WHAT THE TASK ASKS =>
Could you output the listing that follows exactly, without its images?

DATA BELOW =>

'''

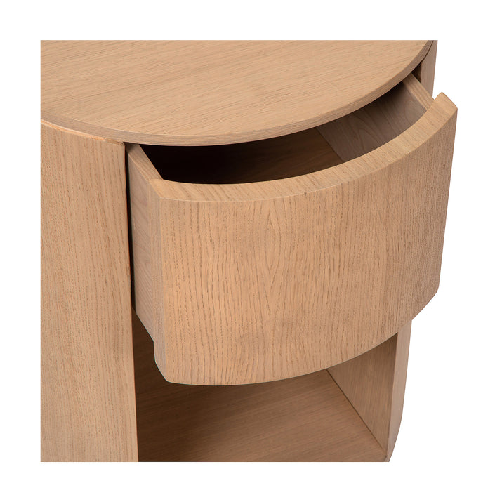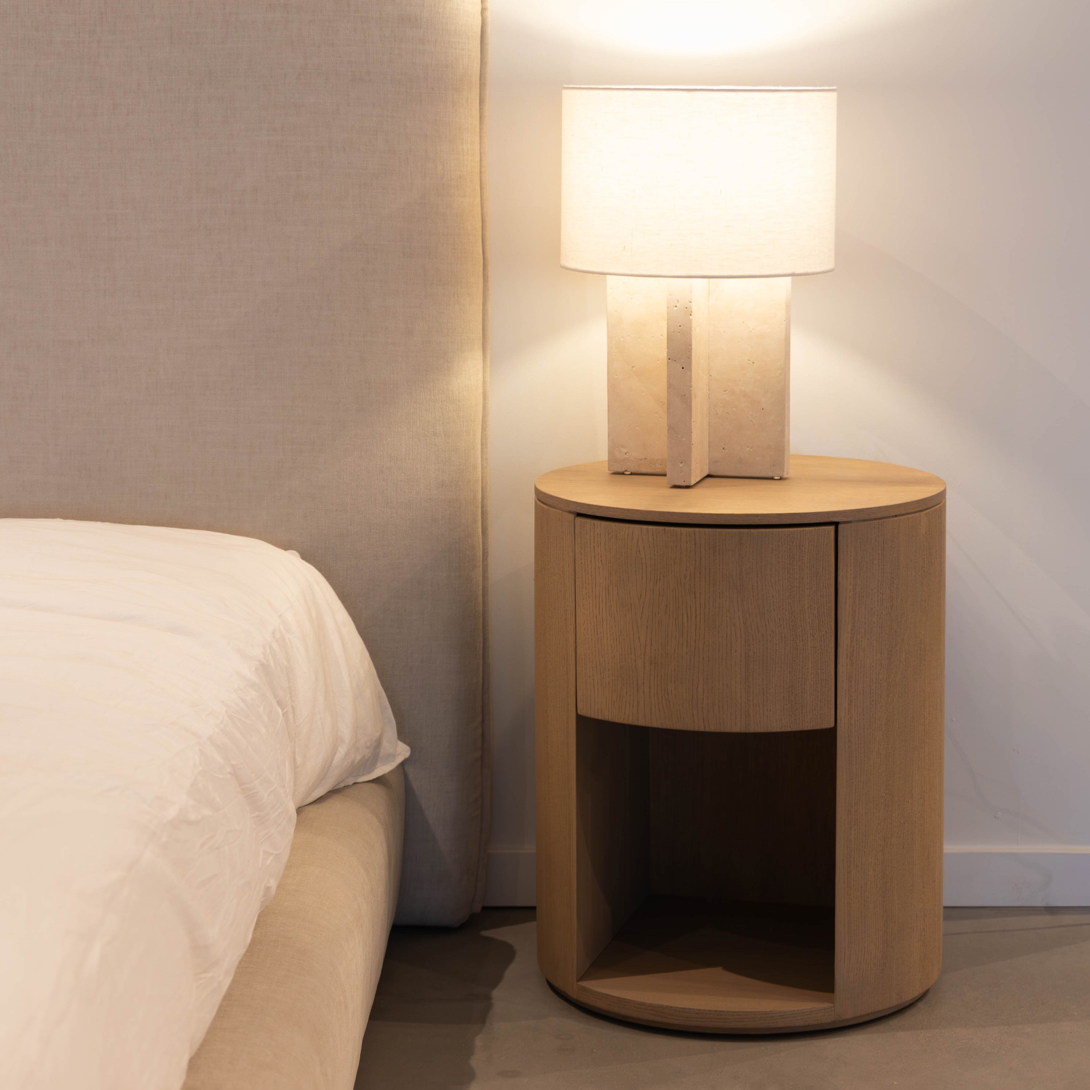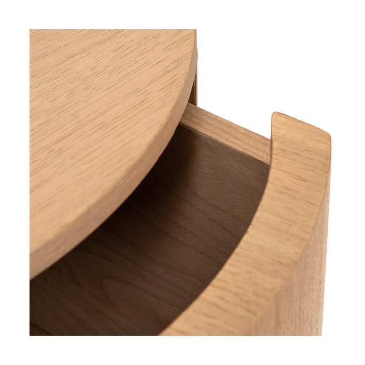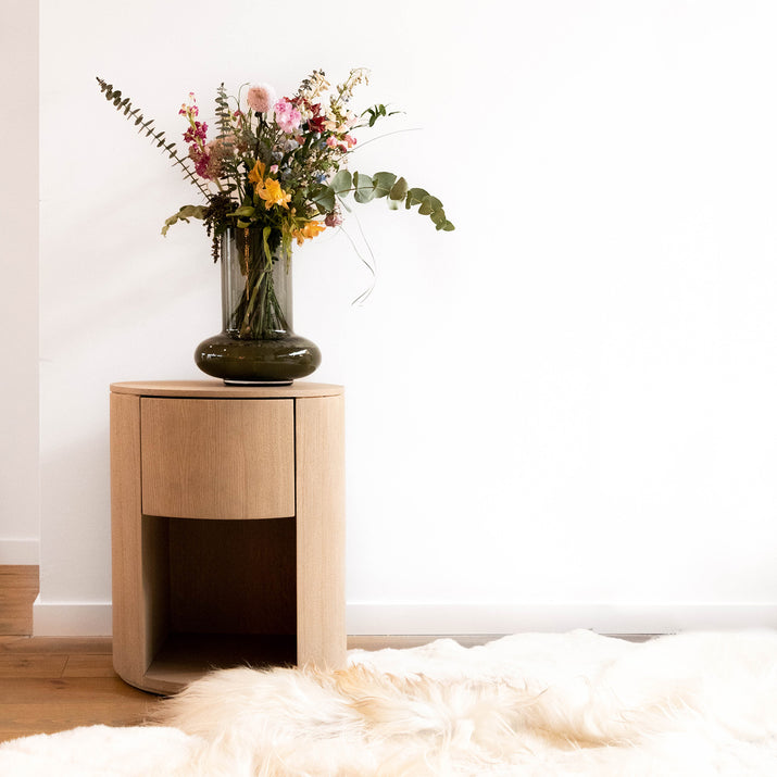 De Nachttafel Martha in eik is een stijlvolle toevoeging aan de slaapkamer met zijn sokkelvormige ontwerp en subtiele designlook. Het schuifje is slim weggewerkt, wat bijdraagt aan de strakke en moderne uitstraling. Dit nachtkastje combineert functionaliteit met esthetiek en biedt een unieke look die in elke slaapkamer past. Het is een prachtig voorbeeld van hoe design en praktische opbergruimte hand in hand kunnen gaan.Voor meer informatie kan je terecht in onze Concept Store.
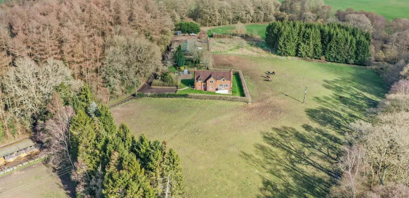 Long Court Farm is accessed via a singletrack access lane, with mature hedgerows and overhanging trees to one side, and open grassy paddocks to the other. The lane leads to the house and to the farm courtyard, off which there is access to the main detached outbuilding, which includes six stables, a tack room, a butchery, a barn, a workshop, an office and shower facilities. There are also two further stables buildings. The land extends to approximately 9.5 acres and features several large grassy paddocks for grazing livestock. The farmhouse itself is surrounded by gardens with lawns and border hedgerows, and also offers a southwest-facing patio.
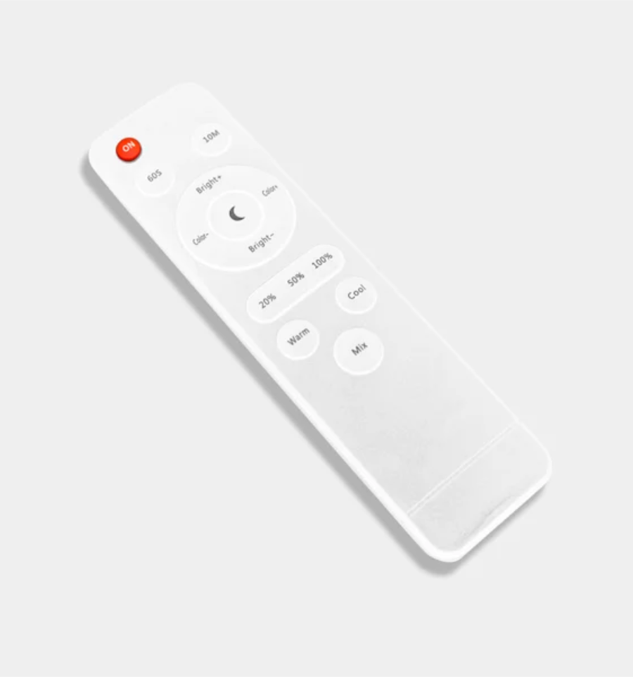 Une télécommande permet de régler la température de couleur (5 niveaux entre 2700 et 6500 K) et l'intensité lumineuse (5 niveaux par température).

'''

RESPONSE BELOW =>
 De Nachttafel Martha in eik is een stijlvolle toevoeging aan de slaapkamer met zijn sokkelvormige ontwerp en subtiele designlook. Het schuifje is slim weggewerkt, wat bijdraagt aan de strakke en moderne uitstraling. Dit nachtkastje combineert functionaliteit met esthetiek en biedt een unieke look die in elke slaapkamer past. Het is een prachtig voorbeeld van hoe design en praktische opbergruimte hand in hand kunnen gaan.Voor meer informatie kan je terecht in onze Concept Store.
 Long Court Farm is accessed via a singletrack access lane, with mature hedgerows and overhanging trees to one side, and open grassy paddocks to the other. The lane leads to the house and to the farm courtyard, off which there is access to the main detached outbuilding, which includes six stables, a tack room, a butchery, a barn, a workshop, an office and shower facilities. There are also two further stables buildings. The land extends to approximately 9.5 acres and features several large grassy paddocks for grazing livestock. The farmhouse itself is surrounded by gardens with lawns and border hedgerows, and also offers a southwest-facing patio.
 Une télécommande permet de régler la température de couleur (5 niveaux entre 2700 et 6500 K) et l'intensité lumineuse (5 niveaux par température).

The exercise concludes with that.